TASK REQUIREMENTS: Each line below must be reproduced exactly as it stands. Pictures stay out of the copy.

**** DATA SECTION ****

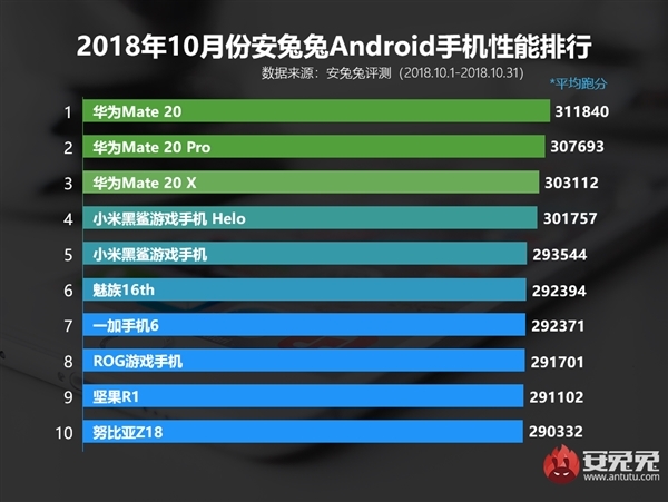目前來看,安兔兔排行榜中,安卓陣營里面排名前三的手機均為搭載麒麟980芯片的華為Mate 20系列,最高分數為311840,而搭載驍龍845芯片的黑鯊游戲手機helo為目前845機型中最高分301757分。以此來看,驍龍8150相比于麒麟980在性能方面提高了16%,與上一代驍龍845相比提高了20%。
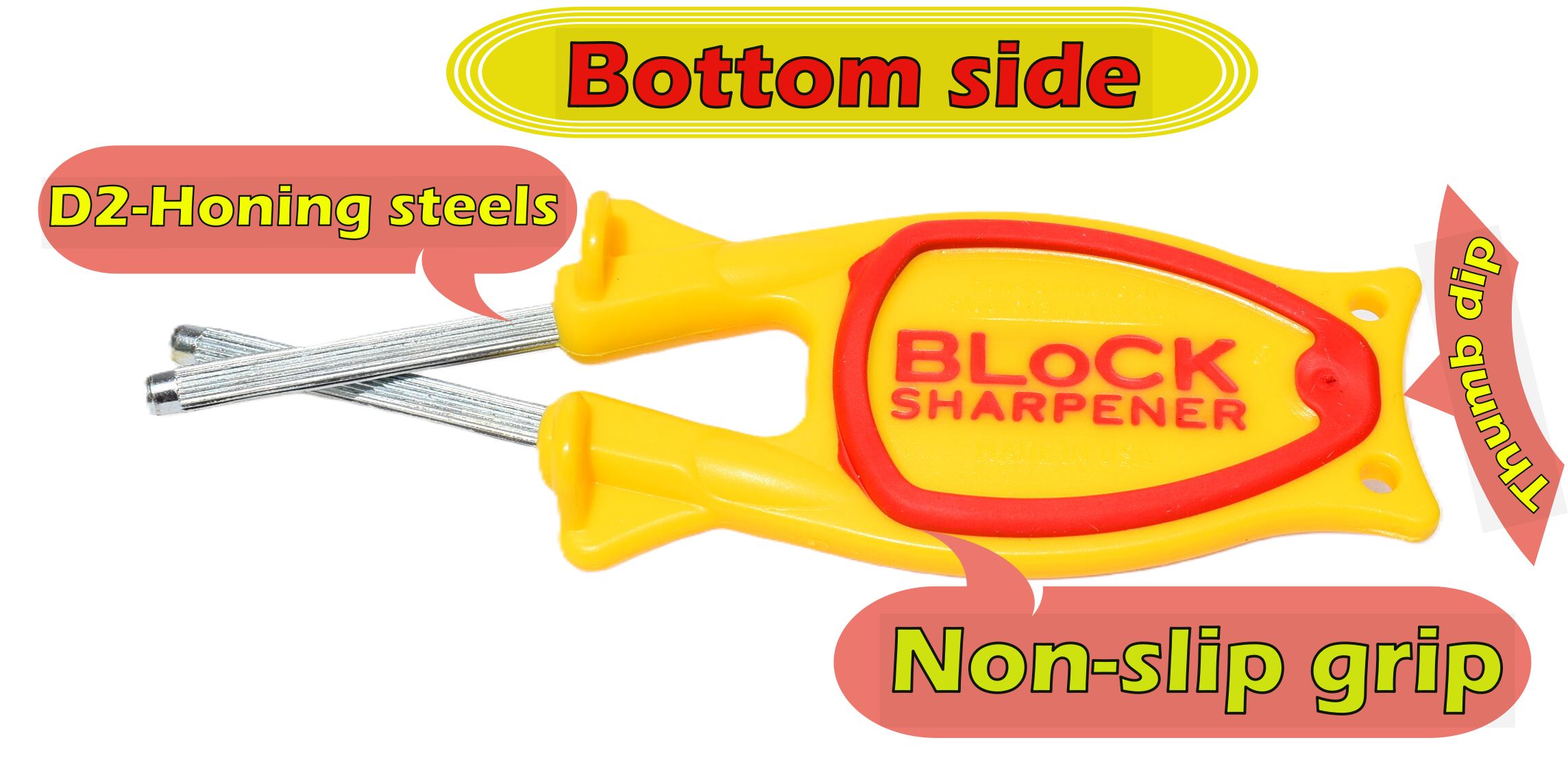 Stay sharp and safe with Blocks new patent nonslip grip thumb grip. Our handheld Knife sharpener, handle has a new patent non-slip grip over shot added to bottom and top side of the knife sharpener; The Red ring you see in this image gives you great grip when using them on flat slippery surfaces also added non- slip grip over the thumb grip and guard on the top side. This thumb grip gives you great control when sharpening knives. Sharpens Pocketknives, Kitchen knives, Hunting knives, Kitchen
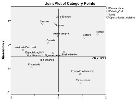 O Gráfico 1 apresenta a análise de correspondência das variáveis de pesquisa escolaridade, estado civil e faixa etária com a competência empreendedora Busca de Oportunidade e Iniciativa. A interpretação do Gráfico 1 esclarece que a competência “Busca de Oportunidade” e “Iniciativa” tem maior correspondência com as mulheres de faixa etária entre 22 e 30 anos, curso superior completo e preponderantemente casadas. Em mulheres que administram um negócio familiar, a busca pela realização pessoal e sonhos estão atrelados ao crescimento profissional e empresarial, satisfazendo-os por meio de dedicação, perseverança e planejamento (GRZYBOVSKI; BOSCARIN; MIGOTT, 2002).

****

REPLY TO THE TASK:
目前來看,安兔兔排行榜中,安卓陣營里面排名前三的手機均為搭載麒麟980芯片的華為Mate 20系列,最高分數為311840,而搭載驍龍845芯片的黑鯊游戲手機helo為目前845機型中最高分301757分。以此來看,驍龍8150相比于麒麟980在性能方面提高了16%,與上一代驍龍845相比提高了20%。
 Stay sharp and safe with Blocks new patent nonslip grip thumb grip. Our handheld Knife sharpener, handle has a new patent non-slip grip over shot added to bottom and top side of the knife sharpener; The Red ring you see in this image gives you great grip when using them on flat slippery surfaces also added non- slip grip over the thumb grip and guard on the top side. This thumb grip gives you great control when sharpening knives. Sharpens Pocketknives, Kitchen knives, Hunting knives, Kitchen
 O Gráfico 1 apresenta a análise de correspondência das variáveis de pesquisa escolaridade, estado civil e faixa etária com a competência empreendedora Busca de Oportunidade e Iniciativa. A interpretação do Gráfico 1 esclarece que a competência “Busca de Oportunidade” e “Iniciativa” tem maior correspondência com as mulheres de faixa etária entre 22 e 30 anos, curso superior completo e preponderantemente casadas. Em mulheres que administram um negócio familiar, a busca pela realização pessoal e sonhos estão atrelados ao crescimento profissional e empresarial, satisfazendo-os por meio de dedicação, perseverança e planejamento (GRZYBOVSKI; BOSCARIN; MIGOTT, 2002).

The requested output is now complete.